YOUR INSTRUCTIONS
Your answer must hold only the lines below from the line containing "在积木建模大赛中,考验的是同" through the line containing "An absolutely magnificent", each reproduced exactly.
*** SOURCE DATA ***
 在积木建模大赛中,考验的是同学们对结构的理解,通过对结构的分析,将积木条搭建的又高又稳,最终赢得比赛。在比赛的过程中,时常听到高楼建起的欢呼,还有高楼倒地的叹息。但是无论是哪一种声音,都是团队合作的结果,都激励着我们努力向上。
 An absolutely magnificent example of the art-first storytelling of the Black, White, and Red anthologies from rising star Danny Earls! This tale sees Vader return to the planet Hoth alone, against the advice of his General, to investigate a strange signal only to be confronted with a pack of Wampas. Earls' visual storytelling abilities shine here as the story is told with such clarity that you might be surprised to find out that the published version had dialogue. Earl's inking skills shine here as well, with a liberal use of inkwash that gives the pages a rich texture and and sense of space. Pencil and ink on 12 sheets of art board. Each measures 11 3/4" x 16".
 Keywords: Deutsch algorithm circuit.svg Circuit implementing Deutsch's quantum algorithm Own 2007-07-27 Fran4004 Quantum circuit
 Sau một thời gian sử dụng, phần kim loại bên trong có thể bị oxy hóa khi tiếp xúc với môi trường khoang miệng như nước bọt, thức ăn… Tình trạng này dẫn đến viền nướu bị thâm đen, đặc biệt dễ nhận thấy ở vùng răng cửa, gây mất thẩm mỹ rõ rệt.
*** End of SOURCE DATA ***
*** SOURCE DATA ***
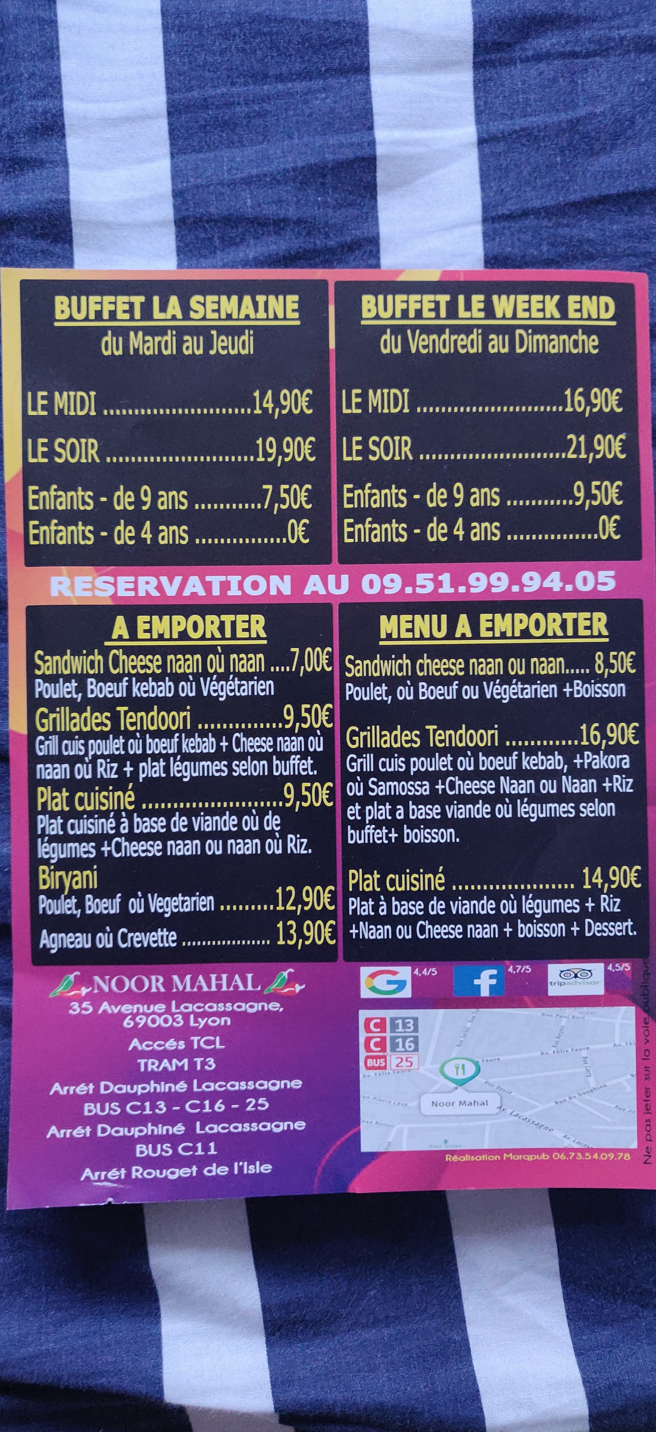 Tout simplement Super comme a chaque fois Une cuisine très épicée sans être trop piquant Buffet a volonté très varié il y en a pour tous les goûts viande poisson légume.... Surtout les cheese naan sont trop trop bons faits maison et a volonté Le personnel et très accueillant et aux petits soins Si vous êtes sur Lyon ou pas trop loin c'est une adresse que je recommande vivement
*** End of SOURCE DATA ***
*** SOURCE DATA ***
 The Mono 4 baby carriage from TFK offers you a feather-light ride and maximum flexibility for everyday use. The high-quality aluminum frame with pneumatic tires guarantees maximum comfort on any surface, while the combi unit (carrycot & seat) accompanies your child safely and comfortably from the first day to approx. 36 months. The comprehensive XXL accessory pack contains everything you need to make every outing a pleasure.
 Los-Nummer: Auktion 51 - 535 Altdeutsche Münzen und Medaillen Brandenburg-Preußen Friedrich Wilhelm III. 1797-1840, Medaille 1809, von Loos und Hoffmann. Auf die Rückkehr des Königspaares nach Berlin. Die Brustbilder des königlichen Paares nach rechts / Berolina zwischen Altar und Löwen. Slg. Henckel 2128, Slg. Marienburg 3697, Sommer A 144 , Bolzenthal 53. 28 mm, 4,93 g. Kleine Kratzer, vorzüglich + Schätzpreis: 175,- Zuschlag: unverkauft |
*** End of SOURCE DATA ***
TASK ANSWER
 在积木建模大赛中,考验的是同学们对结构的理解,通过对结构的分析,将积木条搭建的又高又稳,最终赢得比赛。在比赛的过程中,时常听到高楼建起的欢呼,还有高楼倒地的叹息。但是无论是哪一种声音,都是团队合作的结果,都激励着我们努力向上。
 An absolutely magnificent example of the art-first storytelling of the Black, White, and Red anthologies from rising star Danny Earls! This tale sees Vader return to the planet Hoth alone, against the advice of his General, to investigate a strange signal only to be confronted with a pack of Wampas. Earls' visual storytelling abilities shine here as the story is told with such clarity that you might be surprised to find out that the published version had dialogue. Earl's inking skills shine here as well, with a liberal use of inkwash that gives the pages a rich texture and and sense of space. Pencil and ink on 12 sheets of art board. Each measures 11 3/4" x 16".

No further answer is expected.